Figure 4A shows the target-related ERP (actually the difference between the target-related and distracter-related ERPs) waveforms collapsed across targets presented between 1,000 and 2,433 ms after the cue onset. To analyze the P300 component, we compared ERP waveforms to the attended target (red solid line) with that to the ignored target (blue dotted line) recorded from the contralateral posterior channels to the target location (upper panel in Figure 4A). There was a positive deflection in the ERP to the attended target, but no such deflection in the ERP to the ignored target. We defined this positive ERP component as P300 based on the polarity and latency. The peak latency of the P300 was 389 ms after target presentation. To analyze the N2pc component, we compared the ERP waveform to the attended target recorded from the contralateral posterior channels (red solid line) with that from the ipsilateral posterior channels (blue dotted line) (lower panel in Figure 4A). There was a negative deflection in the ERP waveform in the contralateral channels relative to that observed in the ipsilateral channels. We defined this negative ERP component as N2pc. The peak latency of N2pc was 240 ms after target onset. An average over ±50 ms around the peak latency (gray shaded areas in Figure 4A) was calculated as an index of the attentional modulation for each of the P300 and N2pc components.

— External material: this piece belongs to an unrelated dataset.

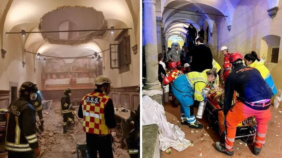 Περίπου 35 άνθρωποι τραυματίσθηκαν στην πόλη Πιστόια της κεντρικής Ιταλίας όταν αργά το βράδυ του Σαββάτου υποχώρησε το πάτωμα αίθουσας στην οποία βρισκόταν σε εξέλιξη πάρτι γάμου και οι καλεσμένοι βρέθηκαν ξαφνικά στο ισόγειο.

To show how well the temporal windows capture the ERP components, we plotted time courses of EEG amplitude as functions of time after target onset and time after cue onset (Figure 4B). The figure shows little ERP components outside the window independently of time after target onset and of time after cue onset. This justifies our choice of the temporal windows for the components in the present experiment although there may be a particular ERP component at different time in some cases due to attentional influence on its latency (e.g., [20], [23]).
Time-course analysis.
Figure 5A shows the time course of the P300 amplitudes averaged across participants for the attended (red solid line) and ignored (blue dotted line) conditions. The P300 amplitudes were subjected to a repeated-measures ANOVA with the factors of attentional state (attend vs. ignore) and time (18 time bins). The results revealed significant effects of attentional state [F(1,6) = 20.16, p<.05], time [F(17,102) = 3.69, p<.05], and their interaction [F(17,102) = 3.31, p<.05]. Analysis of the simple main effects revealed that attentional modulation of the P300 amplitude was significant for targets presented at 717 ms (6th bin) or later except at 2,292 ms (17th bin) after the cue onset (all ps<.05). Likewise for the N2pc amplitudes, Figure 5B shows the averaged time course of N2pc amplitudes for the contralateral (red solid line) and ipsilateral (blue dotted line) conditions. The N2pc amplitudes were subjected to a two-factor ANOVA with the factors of hemisphere (contralateral vs. ipsilateral) and time (18 time bins). The analysis revealed a main effect of hemisphere [F(1,6) = 12.83, p<.05] and an interaction of the two factors [F(17,102) = 3.04, p<.05], but not a main effect of time [F(17,102) = 0.53, p = .93, n.s]. Analysis of the simple main effects revealed that attentional modulation of the N2pc amplitude was significant for targets presented at 858 ms (7th bin) or later except at 2,433 ms (18th bin) after the cue onset (all ps<.05).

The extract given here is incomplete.